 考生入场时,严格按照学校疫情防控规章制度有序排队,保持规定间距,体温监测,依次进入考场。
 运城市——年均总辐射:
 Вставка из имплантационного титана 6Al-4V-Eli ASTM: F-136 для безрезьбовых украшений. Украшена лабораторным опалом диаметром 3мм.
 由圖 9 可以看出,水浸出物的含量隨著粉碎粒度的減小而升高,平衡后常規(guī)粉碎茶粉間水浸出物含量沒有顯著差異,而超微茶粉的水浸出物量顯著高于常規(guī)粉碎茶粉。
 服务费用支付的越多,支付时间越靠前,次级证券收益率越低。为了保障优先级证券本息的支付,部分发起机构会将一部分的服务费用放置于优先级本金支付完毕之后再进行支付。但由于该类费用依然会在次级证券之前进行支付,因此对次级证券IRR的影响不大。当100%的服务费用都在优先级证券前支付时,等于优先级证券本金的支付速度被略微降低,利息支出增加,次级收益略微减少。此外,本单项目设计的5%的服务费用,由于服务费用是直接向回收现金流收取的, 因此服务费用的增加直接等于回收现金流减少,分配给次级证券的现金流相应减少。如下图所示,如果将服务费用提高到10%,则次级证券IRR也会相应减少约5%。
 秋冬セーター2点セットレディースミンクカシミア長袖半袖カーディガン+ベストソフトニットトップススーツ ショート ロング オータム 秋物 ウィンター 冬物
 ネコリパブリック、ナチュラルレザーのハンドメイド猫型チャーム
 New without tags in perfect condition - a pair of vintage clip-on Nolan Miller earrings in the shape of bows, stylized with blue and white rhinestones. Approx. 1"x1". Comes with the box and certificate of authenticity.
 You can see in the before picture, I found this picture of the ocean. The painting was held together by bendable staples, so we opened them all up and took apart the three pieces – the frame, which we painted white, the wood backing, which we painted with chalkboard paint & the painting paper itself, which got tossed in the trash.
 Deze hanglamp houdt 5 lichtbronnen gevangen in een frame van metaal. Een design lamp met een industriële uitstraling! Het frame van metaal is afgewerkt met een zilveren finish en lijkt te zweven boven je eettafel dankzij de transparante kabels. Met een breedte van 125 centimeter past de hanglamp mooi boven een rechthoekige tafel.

---

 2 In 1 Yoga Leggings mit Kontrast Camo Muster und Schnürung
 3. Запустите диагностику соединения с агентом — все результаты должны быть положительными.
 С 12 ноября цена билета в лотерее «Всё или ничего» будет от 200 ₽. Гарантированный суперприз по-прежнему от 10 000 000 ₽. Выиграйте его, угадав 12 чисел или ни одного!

Task item: Check each line above for the string "white" and show the ones that have it.

Exercise response:
 New without tags in perfect condition - a pair of vintage clip-on Nolan Miller earrings in the shape of bows, stylized with blue and white rhinestones. Approx. 1"x1". Comes with the box and certificate of authenticity.
 You can see in the before picture, I found this picture of the ocean. The painting was held together by bendable staples, so we opened them all up and took apart the three pieces – the frame, which we painted white, the wood backing, which we painted with chalkboard paint & the painting paper itself, which got tossed in the trash.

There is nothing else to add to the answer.